Boesak, however, did not want to join those who openly call for President Jacob Zuma must resign. He said the problems of the ANC and the country were far deeper than that. He was also sceptical that any of those that are lining up to replace Zuma at the December elective conference were capable of addressing South Africa’s myriad of issues. Neither does he believe that any of the current opposition parties can solve the country’s problems if they took power.
“We must not labour under the misunderstanding that simply getting rid of President Zuma is going to save the African National Congress. That is a reductionist thinking that is not helpful. The problem goes much deeper, the issues are far more fundamental, not just for the ANC but for the country.”

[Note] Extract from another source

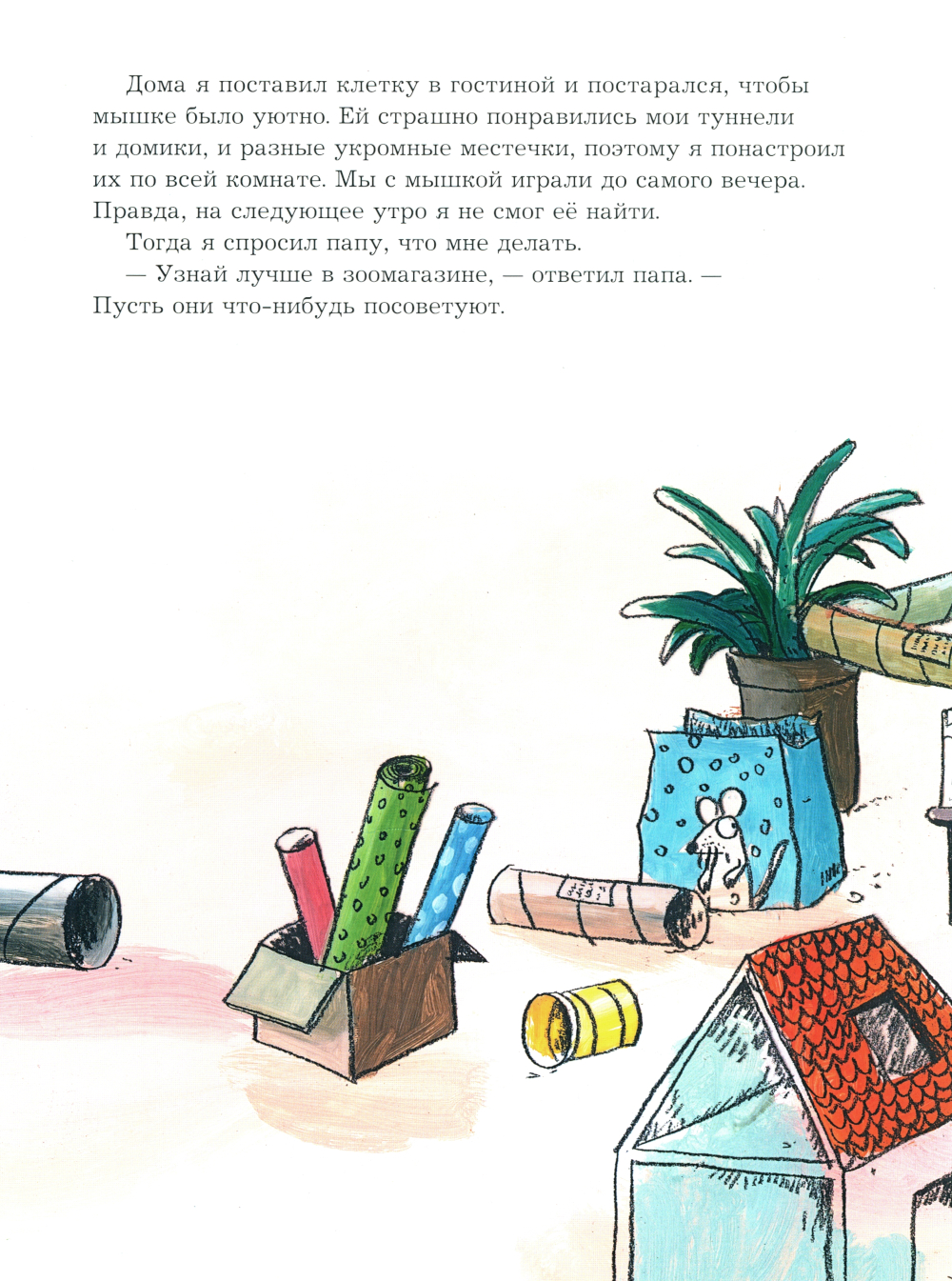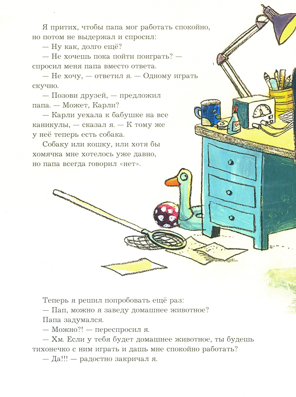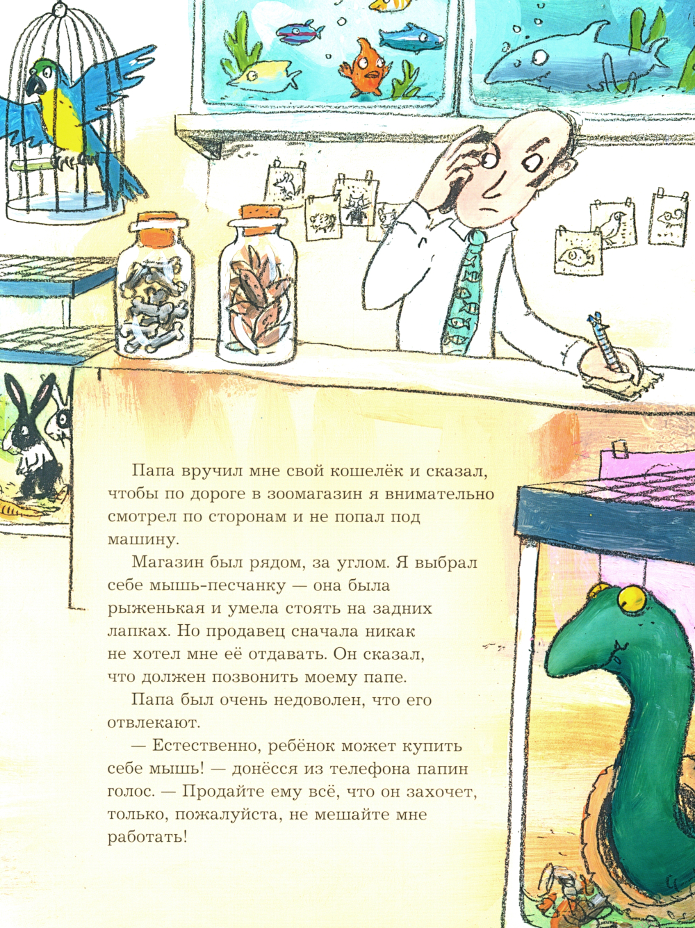 Папа очень занят: он работает над важным проектом. А поскольку работает он из дома, то просит своего сына Мику не отвлекать его. Но Мике скучно ? ведь он ребёнок и ему хочется с кем-то поиграть. Мика просит разрешения завести себе домашнее животное, чтобы было с кем провести время, пока папа занят. Немного подумав, папа даёт Мике своё согласие и кошелёк, с которым мальчик отправляется в зоомагазин. Там Мика покупает себе мышку-песчанку. И они отлично играют в прятки по всей гостиной. Правда, потом мышка прячется так хорошо, что Мика снова идёт в зоомагазин и на этот раз возвращается со щенком, потому что у собак отличный нюх, и они могут отыскать кого угодно. Ну а дальше… дальше Мике пришлось сбегать в зоомагазин ещё несколько раз. И вот, когда к воскресенью папа, наконец, закончил свой важный проект и огляделся по сторонам, он обнаружил, что за столом на кухне сидит и завтракает большая дружная компания: Мика с мышкой-песчанкой, щенок, тюлень, пингвин, попугай и слонёнок.

On the church and politics
He defended the right of the church to enter the political realm and take positions on a number of issues. Zuma had suggested in 2015 when more church leaders began condemning him and the ANC government, that churches should stay out of politics.
“Why is Mr Zuma saying to the churches that criticise him ‘stay out politics’. But the churches that embrace him, he loves them. There’s always a temptation for governments when the church speaks truth to that power to tell the church you have no right, stay out of it. They can’t do that.”
On his political ambitions
Boesak (71) said he had no intentions to get back into politics but was hoping to play a more active role in a civil society movement that will bring together South Africans from all corners and have them conversing about how to take the country forward just as the UDF did in the 80s.
In his book titled Pharaohs on Both Sides of the Blood Red Waters, Boesak takes in conversations he had with FeesMustFall activists in South Africa, Black Lives Matter activists in the United States and Palestinians fighting for the recognition of their state. He outlines how often in struggles; former liberators turn into oppressors once they gain political power.
On his conviction and sentence
Boesak, who was convicted in 1999 of misappropriating US$500 000 in donor funds and spent a year at Pollsmoor Prison before being released and pardoned, still believes that what he went through was a travesty of justice.
“Not everything was what it seems then and the travesty of justice that transpired is probably part of the trauma we are dealing with right now. What happened to me is not important; that I have survived all of that is far more important,” he said.